Montag, 12. August 2019
Ausgerechnet Zion – Gedanken zum Predigttext vom vergangenen Sonntag
Der Predigttext für den 11. August, den 8. Sonntag nach Trinitatis, steht beim Propheten Jesaja, im 2 Kapitel und geht so:

1 Dies ist's, was Jesaja, der Sohn des Amoz, geschaut hat über Juda und Jerusalem:
2 Es wird zur letzten Zeit der Berg, da des HERRN Haus ist, fest stehen, höher als alle Berge und über alle Hügel erhaben, und alle Heiden werden herzulaufen,
3 und viele Völker werden hingehen und sagen: Kommt, lasst uns auf den Berg des HERRN gehen, zum Hause des Gottes Jakobs, dass er uns lehre seine Wege und wir wandeln auf seinen Steigen! Denn von Zion wird Weisung ausgehen und des HERRN Wort von Jerusalem.
4 Und er wird richten unter den Heiden und zurechtweisen viele Völker. Da werden sie ihre Schwerter zu Pflugscharen und ihre Spieße zu Sicheln machen. Denn es wird kein Volk wider das andere das Schwert erheben, und sie werden hinfort nicht mehr lernen, Krieg zu führen.
5 Kommt nun, ihr vom Hause Jakob, lasst uns wandeln im Licht des Herrn!

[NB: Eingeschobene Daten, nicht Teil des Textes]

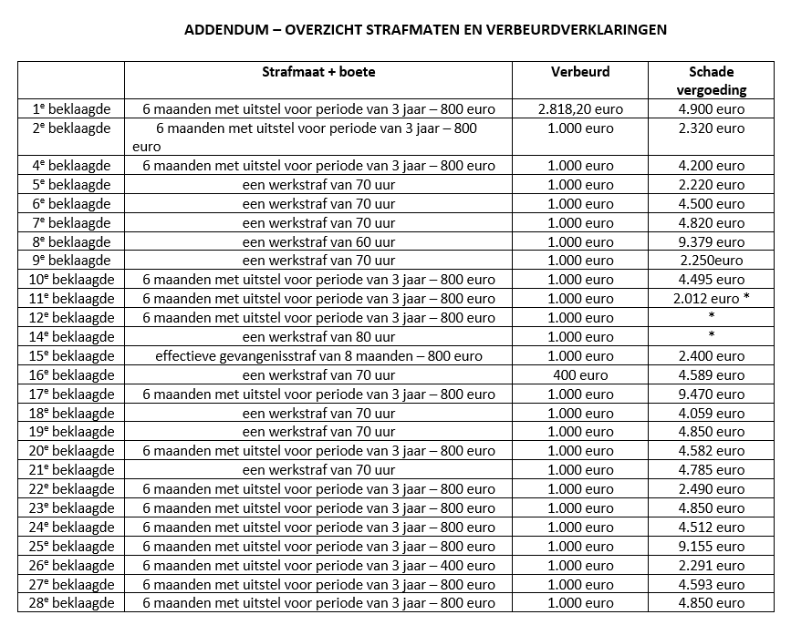 Een volledig overzicht van alle straffen, verbeurdverklaringen en schadevergoedingen per beklaagde vindt u in het addendum onderaan dit persbericht.

Diejenigen, die Texte und Lieder für diesen Sonntag zusammengestellt haben, hatten vor allem das Thema Licht im Sinn: Das Lied „Sonne der Gerechtigkeit“, das Evangelium von Salz und Licht (Mt. 5,13-16) und auch im Ephesertext (5, 8b-14) ist von Kindern des Lichts und Frucht des Lichts die Rede. Nur Psalm 4 tanzt etwas aus der Reihe.

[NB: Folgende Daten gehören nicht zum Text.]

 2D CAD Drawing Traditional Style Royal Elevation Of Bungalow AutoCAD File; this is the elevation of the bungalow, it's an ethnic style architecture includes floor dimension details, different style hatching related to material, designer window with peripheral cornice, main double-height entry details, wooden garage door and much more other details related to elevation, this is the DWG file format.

Mir fiel an diesem Text sofort etwas Anderes auf: „Denn von Zion wird Weisung ausgehen und des HERRN Wort von Jerusalem.“
Ausgerechnet der Zionsberg soll der Ort sein, von dem aus alle Menschen auf der ganzen Welt das Rezept für den Frieden erhalten? Ausgerechnet dieser ewige Krisenherd und Hexenkessel soll die Quelle des Weltfriedens werden? Das wäre in der Tat ein gewaltiges Wunder.

Ich stieß mich auch ein wenig an der zionistischen Selbstherrlichkeit: der Zionsberg höher als alle Berge und über alle Hügel erhaben, da lachen ja die Hühner, da haben wir in unserem kleinen, verkackten Deutschland ja schon höhere Berge.

Oder: „Von Zion wird WEISUNG ausgehen.“ Hey, wir sind Chef, ihr müsst alle machen, was wir wollen. So was können sich auch nur Männer ausdenken und zwar jene, die nicht die hellsten Kerzen auf der Torte sind.
Und dann ist da zunächst die Rede von allen Völkern, die ihre Waffen zu Ackergeräten umbauen, aber im Schlusssatz richtet sich der Aufruf, im Licht des Herrn zu wandeln, dann nur an jene aus dem Hause Jakobs. Schon sehr exklusiv.

Doch vielleicht hat der Prophet das gar nicht so gemeint, gehörte das nur zum allgemeinen Sprachgebrauch, um jene zu erreichen, die gerade mal wieder – wie so viele Male – den Anschluss an die Religion verloren, sich abwandten, ihren Geschäften nachgingen und den lieben Gott einen guten Mann sein ließen.

Wäre doch phantastisch, wenn Jesajas Prophezeihung sich erfüllen würde, am besten schon morgen. Und wer weiß, vielleicht bringt der Klimawandel am Ende keine Kriege der Völker mit sich, sondern einen solidarischen Kampf ums Überleben, weil es einfach nicht mehr anders geht, weil zum Kämpfen keine Zeit mehr bleibt.

Sehr schwer vorstellbar, aber man soll ja die Hoffnung nicht aufgeben. Es steckt nicht nur Böses in der Menschheit. Und die Anweisung zum Frieden, ist ja tatsächlich von Zion ausgegangen und hat sich überall auf der Welt verteilt, nur leider bis jetzt nicht durchgesetzt. Also, Angehörige der Menschheit: macht Eure Waffen zu Ackergeräten, investiert in die Welternährung statt in Bomben und Raketen, verlernt das Kriegshandwerk und kommt zurück ins helle Licht von Gerechtigkeit, Frieden und Liebe.